For in vivo invasion studies, mice were injected with F(ab)2 fragments prepared from either normal rabbit IgG or anti-OspC IgG before B. burgdorferi–infested nymphs were placed on the mice. The numbers of spirochetes inside the salivary glands or gut at different time points after tick attachment was assessed using confocal microscopy. SCID mice were used in these studies, as the effects of the administered F(ab)2 fragments could then be evaluated without the confounding influence of host antibodies on the spirochete. When guts of feeding ticks were stained for B. burgdorferi at 24–96 hours after the onset of feeding, comparable numbers of spirochetes were noted within the ticks that fed on the immunized mice, indicating that OspC F(ab)2 fragments did not interfere with the multiplication or survivability of the spirochetes within the tick gut (Figure 3a, bottom row). In ticks that fed on mice administered normal rabbit IgG F(ab)2 fragments, spirochetes could be found within the salivary glands between 48 and 96 hours after the onset of feeding (Table 2 and Figure 3a, top left panel). In contrast, invasion of salivary glands was significantly blocked in ticks that fed on mice receiving OspC F(ab)2 (Table 2, P < 0.04 at all the time point assessed, and Figure 3a, top right panel). Detection of viable spirochetes within the feeding gut or colonized salivary glands was further evaluated by RT-PCR analyses of flaB transcripts. At 48 and 96 hours of feeding, comparable levels of flaB RNA could be detected in the tick gut (Figure 3b, right panels). In contrast, lower levels of flaB RNA were evident in the salivary glands of ticks treated with OspC F(ab)2 than in those of controls (Figure 3b, left panels).
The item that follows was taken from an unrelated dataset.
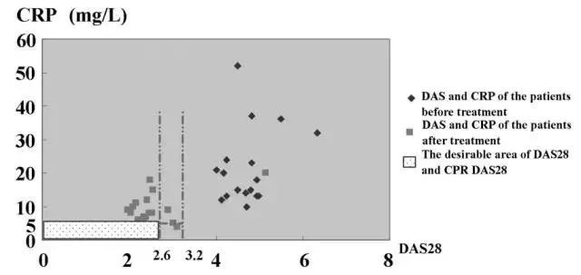 對(duì)17例受試者進(jìn)行干細(xì)胞移植,輸注1×107間充質(zhì)干細(xì)胞,隨訪4月~14月,ACR20評(píng)分受試者在睡眠、飲食、疲勞感、體力等方面有顯著改善,晨僵小于1小時(shí),疼痛腫脹的關(guān)節(jié)數(shù)減少,多關(guān)節(jié)疼痛、壓痛、腫脹明顯緩解,關(guān)節(jié)活動(dòng)度增加,病情無(wú)反復(fù)。按DAS28評(píng)分標(biāo)準(zhǔn),12例得到緩解,3例處于低活動(dòng)期。

These data indicate that OspC plays an important role in the invasion of B. burgdorferi into the tick salivary glands during transmission from the vector to the murine host.
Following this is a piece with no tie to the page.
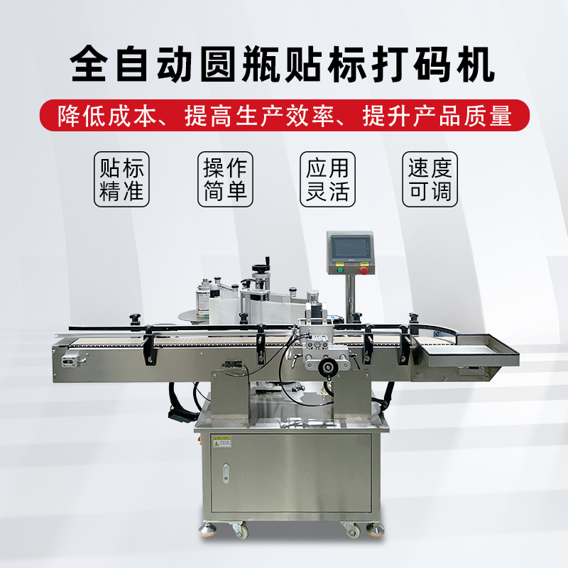 全自動圓瓶貼標打碼機是一種集貼標和打碼功能于一體的自動化設備,廣泛應用于食品、醫藥、日化等行業。 以下是其詳細介紹: 功能特點 貼標功能:可在圓瓶的圓周面、圓錐面、雙側面等位置進行貼標,可貼單標或雙標,正背雙標間距可靈活調整。 打碼功能:可在標簽上打印生產日期、批號、有效期、條形碼、二維碼等信息,滿足不同行業的標識需求。 自動化程度高:采用先進的傳感器和控制系統,可實現自動送瓶、貼標、打碼、收瓶等功能,無需人工干預,提高生產效率和貼標質量。 適應性強:可適應不同規格、形狀的圓瓶,通過調整設備的參數和更換相

OspC F(ab)2 fragments interfere with the invasion of B. burgdorferi to the I. scapularis salivary glands. (a) Distribution of B. burgdorferi within the I. scapularis salivary glands (top row) or gut (bottom row) 72 hours after the onset of feeding. B. burgdorferi–infested nymphal ticks were fed on mice that had been treated with F(ab)2 fragments prepared from either normal rabbit sera (NRS-Fab) or polyclonal OspC sera (OspC-Fab). The spirochetes (arrows) were stained with a FITC-labeled goat anti–B. burgdorferi (shown in green), and the nuclei of the gut epithelial cells were stained with propidium iodide (shown in red). Due to the lower abundance of spirochetes in the salivary gland than in gut, only a few spirochetes can be visualized through a single focal plane of the microscope. Images were recorded at ×400 magnification and are presented as a merged images for clarity (n = 3). (b) Detection of B. burgdorferi mRNA within engorged I. scapularis salivary glands or gut. Nymphs treated with NRS-Fab or OspC-Fab were analyzed by RT-PCR for the detection of viable B. burgdorferi at 48 or 96 hours after the onset of feeding. Equal amounts of total RNA from ticks that fed on F(ab)2-treated mice were converted to cDNA with reverse transcriptase, subjected to PCR with flaB primers, and analyzed on a 1.5% agarose gel. I. scapularis β-actin was used as a control to confirm equal loading of total RNA isolated from infected, fed ticks. An aliquot of prepared RNA from each group was subjected to RT-PCR in the absence of reverse transcriptase to confirm the absence of genomic DNA (data not shown).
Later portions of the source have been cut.